2019 Best Town for Families and Best in Somerset County
Victoria “Cookie” Acot used to tell people she lived next to Princeton. But in recent years, she’s begun to boast about where she actually lives. “I can start telling people where Montgomery is and what we have,” says Acot, a mother of two who moved here seven years ago to raise her kids, now 10 and 15. “I really do like living here because of all these amenities and still having that private, rural feel.”
Montgomery is a bucolic Somerset County township that offers a little bit of everything in its 32 square miles. Founded by a mix of Dutch and English settlers, it was incorporated in 1798 and sits nearly halfway between Philadelphia and New York.

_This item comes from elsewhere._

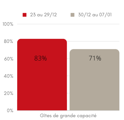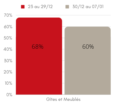 Les vacances d’hiver sont une période prisée pour les réunions familiales ou entre ami.e.s dans de grands gîtes. Cette année, cette tendance n’a pas dérogé à la règle.Parmi les gîtes et meublés de vacances, ils ont affiché les meilleurs taux d’occupation avec 83 % la 1ère semaine (82% en 2022) et 71% la 2e semaine (54% en 2022). Par rapport à 2022, le taux d’occupation de ces hébergements est en légère hausse pour la 1ère semaine (+1 %) mais forte pour la 2e semaine (+17 %).

No town could win top billing in New Jersey without stellar schools, and Montgomery is certainly no exception. The proverbial trophy case for the district includes past designations as a National Blue Ribbon School for both the high school and one of the town’s two middle schools. And there’s nary a list of top schools statewide that doesn’t include the township.
But for a town that’s almost completely residential, there’s a growing business community. Restaurants include Aja Asian Cuisine and Lounge, a primo spot for sushi, Sahara Restaurant, whose a Middle Eastern favorite of Mayor Sadaf Jaffer, and Tiger’s Tale, a local institution where beers and pub fare are the way to go.

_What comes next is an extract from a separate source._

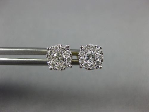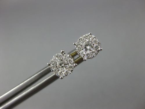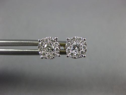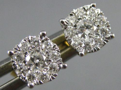 ESTATE 14KT WHITE AND YELLOW GOLD STUD EARRINGS. 3D CLASSIC ROUND SOLITAIRE HALO CLUSTER DESIGN. DIAMONDS ARE F/G COLOR, VSSI CLARITY 1.0 CARATS. MEASURES 8MM WIDE. WRITTEN APPRAISAL AVAILABLE. COMES IN A PRESENTABLE GIFT BOX.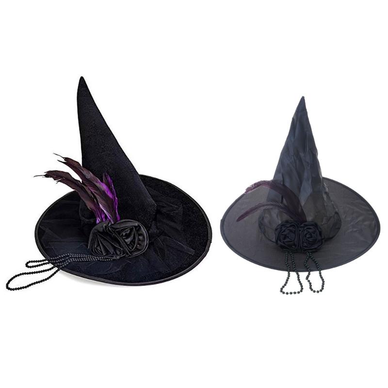 Halloween Party Velvet Witch Hats Party Wide Brim Pointed Hat Accessory Black Witch Hat with Chain Conjurer

The commercial footprint here is poised to grow even more in the coming years, thanks to a national developer building a 300,000-square-foot complex dubbed Montgomery Promenade. The proposed development will feature shopping, dining and entertainment at the intersection of Routes 206 and 518. Announced tenants include Whole Foods, L.L. Bean and a movie theater.
So, the pastoral town that hasn’t had a true downtown—though it’s long borrowed Princeton’s just a few miles south—may soon get one of those, too. “It’s going to have a town square type of feel to it,” says Mayor Jaffer. “And that’s precisely what we’re going for.”

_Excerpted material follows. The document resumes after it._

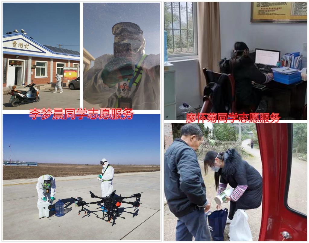 自新冠肺炎疫情爆发后,16级经济学二班李梦晨同学加入了宁夏省中卫市沙坡头区文昌镇志愿者组织。他作为越泰飞防有限公司的创办人之一,积极调动公司力量,组织公司成员,无偿利用无人机技术每天上午9点载着六翼无人机和电池设备,把社区领导配备好的消毒液运载到三十米高空,对沙坡头区镇罗镇的各个社区进行消毒液喷洒。无人机作业替代传统的人力作业,大幅度提高了工作效率。同时,他还作为小区的志愿者,每天19:00到22:30负责登记小区居民进出信息,检查小区里是否有聚会情况。他说:“这是一名普通大学生应具备的感恩之心,我们深爱这片土地,一定会等到春暖花开的一天”。

Businesses are nice to help keep taxes down, but the beauty of this town is its spectacular outdoor spaces. In fact, nearly one-third of Montgomery is preserved open space or farmland—any resident would be hard-pressed to spend a day not passing land or homes with historic landmark status. Whether it’s the township’s portion of the 4,000-acre Sourland Mountain Preserve or the 256-acre Skillman Park, tons of green spaces and dozens of miles of trails abound.
“I love that we have all these parks,” says Acot, who works for the Robert Wood Johnson Foundation in Princeton. “It’s just a place where the community can congregate.”
And, really, that’s what makes Montgomery special. It’s not just infrastructure like premium pedagogy and pristine parks. It’s the people who live in unincorporated communities, such as Belle Mead, Blawenburg, Dutchtown, Harlingen and Skillman, that fall within the town’s borders. Residents who volunteer at Montgomery’s two fire districts and ambulance squad. Old-timers who make sure the landmarks committee and historical society stay vibrant.
“To me, it’s all about community,” says Jaffer, who’s also a Princeton University research associate raising a 4-year-old. “It’s really about the people who live here who are willing to dedicate so much of their efforts to serve the community where they spend time, where they raise their families. To me, that’s what makes Montgomery great.”